Ben read the winning entries in TBOGG's Happy, Nice, Bush Slogan Contest (which was based on Ben's last column), and realized that he's been wasting his life. He is currently in Cancun, drinking shots off the breasts of drunken sororiety girls.
At least, that's my theory.
More later today, to include a shocking expose about Bill O'Reilly, Rush Limbaugh, and Rebecca Hagelin -- Matt Drudge says that I am investigating the possible rumor that the three pundits had group sex with some barnyard animals, and now want a marriage license. Developing . . .after I get some sleep.
UPDATE: Be sure to read Alex's comment on Walter E. Williams post about "what if a man wanted to marry his cow" column, about how a farmer or pet owner's rights in regard to his cow or dog outstrip those provided upfront to a homosexual and his same-sex mate. See also the Pandagon post responding to Walter's claim that if we just cut employer-offered insurance for everyone and give them $200, the gays can't complain about being denied any rights.

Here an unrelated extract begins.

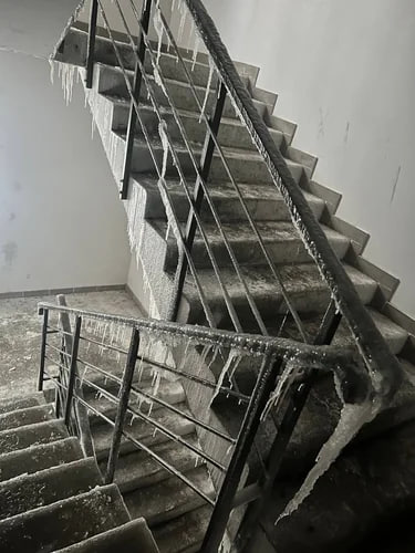 Кроме того, в одном из домов в украинской столице полностью обледенела лестница — сосульки свисают прямо с поручней. Жители отмечают, что базовые человеческие потребности им теперь недоступны, так как температура в квартирах опускается ниже нуля, а света нет на протяжении нескольких дней.
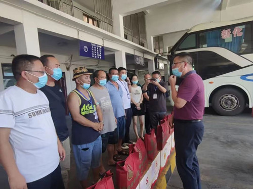 在婁底汽車站,譚主席一行走訪慰問在高溫下堅(jiān)守崗位的一線員工,為他們發(fā)放了夏日清涼慰問品。譚主席親切與員工們交談,對(duì)他們高溫酷暑下工作的堅(jiān)守和付出表示感謝,叮囑他們?cè)谡J(rèn)真工作的同時(shí),要做好防暑降溫,確保身體健康和生產(chǎn)安全,同時(shí)囑咐在場的企業(yè)負(fù)責(zé)人,要合理安排工作和休息時(shí)間,落實(shí)好高溫作業(yè)下的各項(xiàng)保障措施,為員工創(chuàng)造一個(gè)舒適、安全的工作環(huán)境。聽了譚主席的話,在場的員工們深受感動(dòng),紛紛表示,盡管受到高溫天氣和疫情防控的雙重考驗(yàn),但組織的關(guān)心讓大家充滿動(dòng)力和信心,大家一定會(huì)堅(jiān)守崗位,做好本職工作,為疫情防控和交通運(yùn)輸保障做出好的成績。多年來,作為職工的“娘家人”,婁底市總工會(huì)始終關(guān)心關(guān)愛企業(yè)和職工,通過積極開展各類關(guān)愛行動(dòng),傳遞著工會(huì)組織的溫暖,助力企業(yè)發(fā)展。此次來我司開展送清涼慰問活動(dòng),讓酷熱中堅(jiān)守在一線的我司廣大職工感受到工會(huì)“娘家人”的關(guān)心關(guān)愛,極大激發(fā)了大家戰(zhàn)疫情、斗酷暑的工作熱情,激勵(lì)廣大職工為交通事業(yè)發(fā)展做出更大的貢獻(xiàn)。

And when I went to bed in the early A.M., Ben Shapiro's Townhall piece hadn't been posted yet, leading to my speculation that Ben was off on spring break, engaging in some wild hedonism. But from TBOGG we learn that actually Ben is just out getting coeds to talk dirty to him in the guise of conducting research for the column.
Other than the parts TBOGG cited, my favorite bit is where Ben explains that while his slut friend "Janie" may SEEM to be okay despite having had 5 sexual partners since the age of 15, she's actually experiencing severe mental problems, as demonstrated by the fact that she doesn't believe in God's law:
While she believes in God, she doesn't believe in God-given rules for living. Her agnosticism often borders on depression.
Hey, I think some electro-shock therapy might be just what Janie needs to help her with her illness.